Segment Open

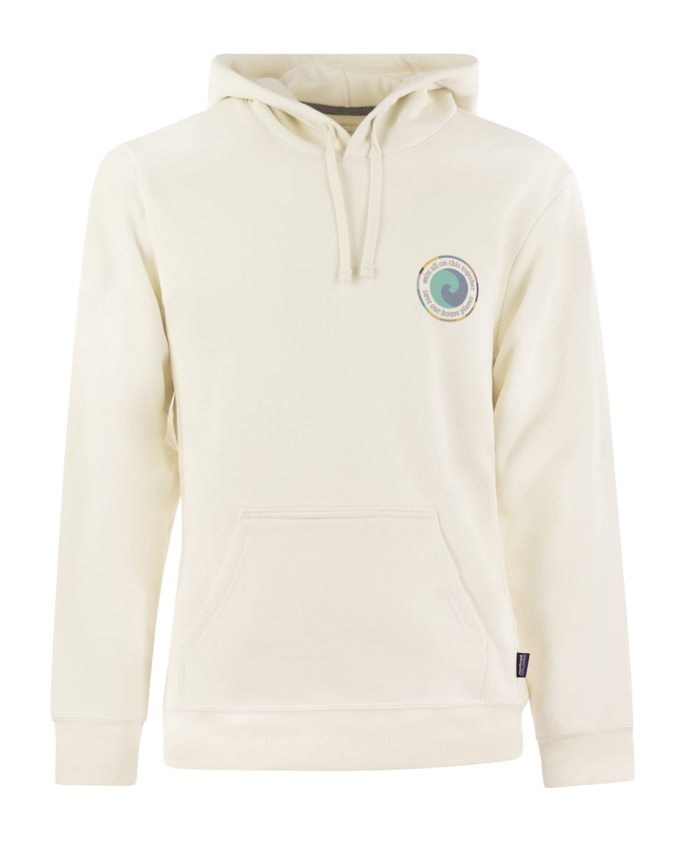 In the graphic motif of the Unity Fitz, the stylised Earth symbol is surrounded by the two key messages of Patagonia's mission statement. Saving our planet is a priority that can no longer be ignored and requires the contribution of everyone, both as individuals and united by the common understanding that the future of life on Earth depends on our responsibility to protect it. This hoodie is made of plush fabric obtained entirely from recycled materials, with natural flexibility and a brushed reverse side. The use of waste textiles and recycled plastic bottles to make this hoodie reduces our dependence on virgin raw materials. Made in a Fair Trade Certified factory. - Fabric made entirely from recycled materials - Comfortable pullover hoodie - Ribbed inserts, cuffs and hem - Regular fit DESIGNER ID: 39694 BCW
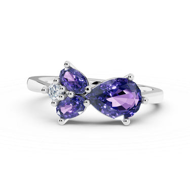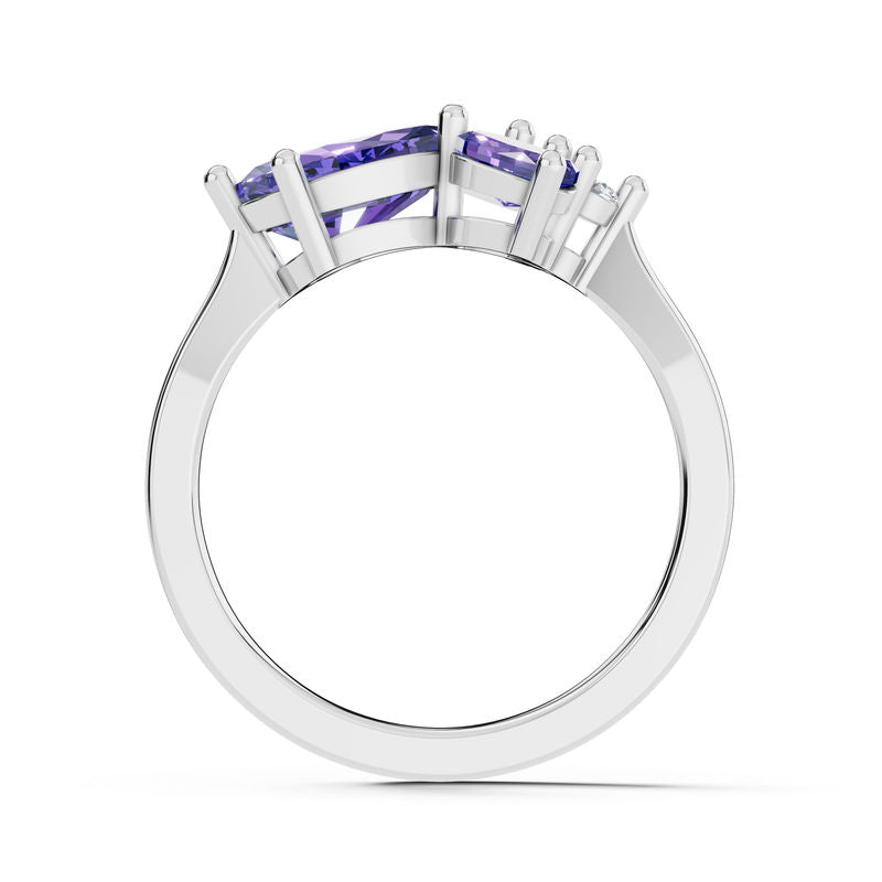 Luxusní a elegantní prsten ze 14 karátového bílého zlata spojuje moderní design s výraznou sofistikovaností. Středové tanzanity oválného a slzovitého brusu zaujmou fascinujícím modro-fialovým odstínem, který prstenu propůjčuje jedinečný a sofistikovaný charakter. Kameny jsou doplněny jemným diamantem kvality SI1, barvy G s excelentním brusem, který šperku dodává třpyt a nádech luxusu. Celková hmotnost kamenů 1.76 ct podtrhuje jeho výjimečný a nadčasový vzhled.
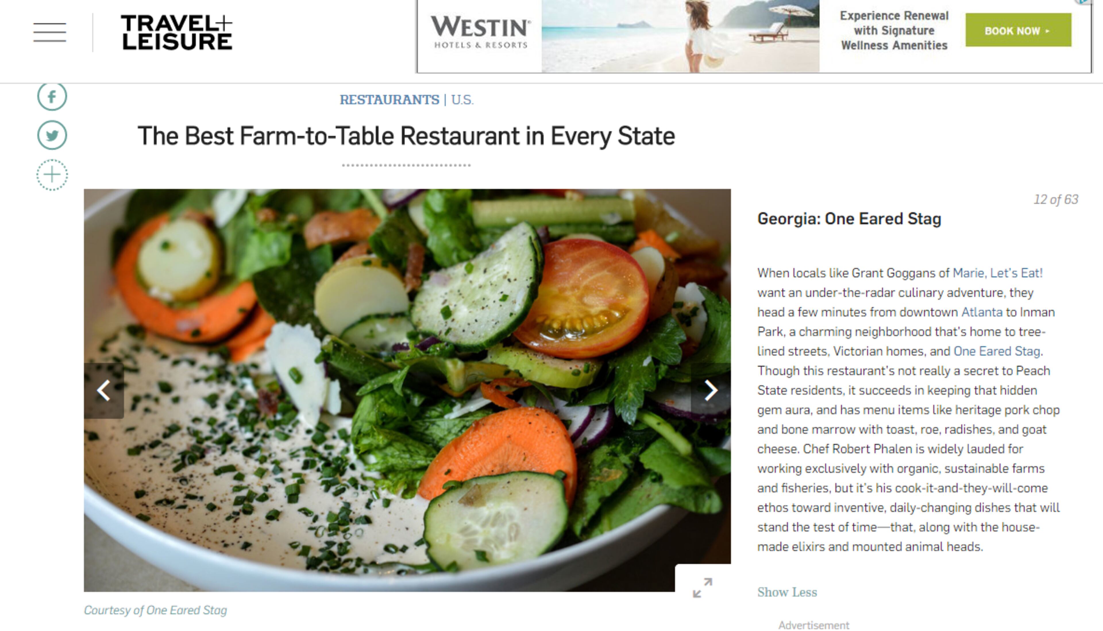 Travel & Leisure magazine recently published its list of the best farm-to-table restaurants in the U.S. Who earned top honors from Georgia? Atlanta's own One Eared Stag .
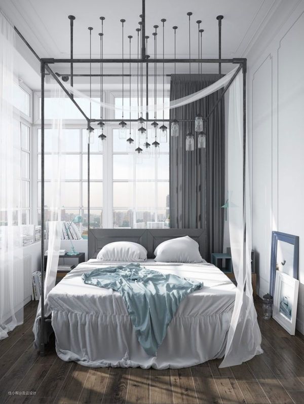 下一个天篷床更具现代感。值得注意的是,不需要巨型卧室来容纳它。当想到天蓬床时,大多数人没有我们设想的宽敞卧室。普通的家庭或公寓根本没有像小型酒店套房那样大小的卧室,因此,现代的冠层床通常被构造成适合较小的空间。此天篷床时尚,现代,可放入普通卧室。
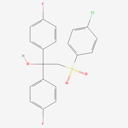 - Synonyms:303152-05-8;2-(4-chlorobenzenesulfonyl)-1,1-bis(4-fluorophenyl)ethan-1-ol;2-[(4-chlorophenyl)sulfonyl]-1,1-bis(4-fluorophenyl)-1-ethanol;2-(4-chlorophenyl)sulfonyl-1,1-bis(4-fluorophenyl)ethanol;Benzenemethanol, alpha-[[(4-chlorophenyl)sulfonyl]methyl]-4-fluoro-alpha-(4-fluorophenyl)-;Oprea1_262815;DTXSID201135486;AKOS005077575;11H-306S;CS-0379282;2-((4-Chlorophenyl)sulfonyl)-1,1-bis(4-fluorophenyl)ethanol;alpha-[[(4-Chlorophenyl)sulfonyl]methyl]-4-fluoro-alpha-(4-fluorophenyl)benzenemethanol
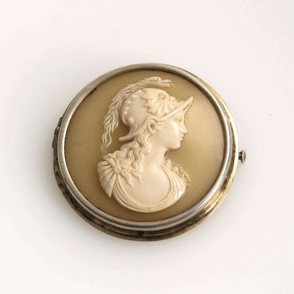 Zargengefasste Achat?kamee mit antikisierend geschnittenem Minerva-Profilkopf. Schiebehaken.

Segment Closed

> [WORK REQUIRED]:
Of the records above, print only the lines from the one containing "Travel & Leisure" through the one containing "下一个天篷床更具现代感。值得", inclusive and unaltered, leaving out pictures.

> [SOLUTION FOR THIS EXERCISE]:
 Travel & Leisure magazine recently published its list of the best farm-to-table restaurants in the U.S. Who earned top honors from Georgia? Atlanta's own One Eared Stag .
 下一个天篷床更具现代感。值得注意的是,不需要巨型卧室来容纳它。当想到天蓬床时,大多数人没有我们设想的宽敞卧室。普通的家庭或公寓根本没有像小型酒店套房那样大小的卧室,因此,现代的冠层床通常被构造成适合较小的空间。此天篷床时尚,现代,可放入普通卧室。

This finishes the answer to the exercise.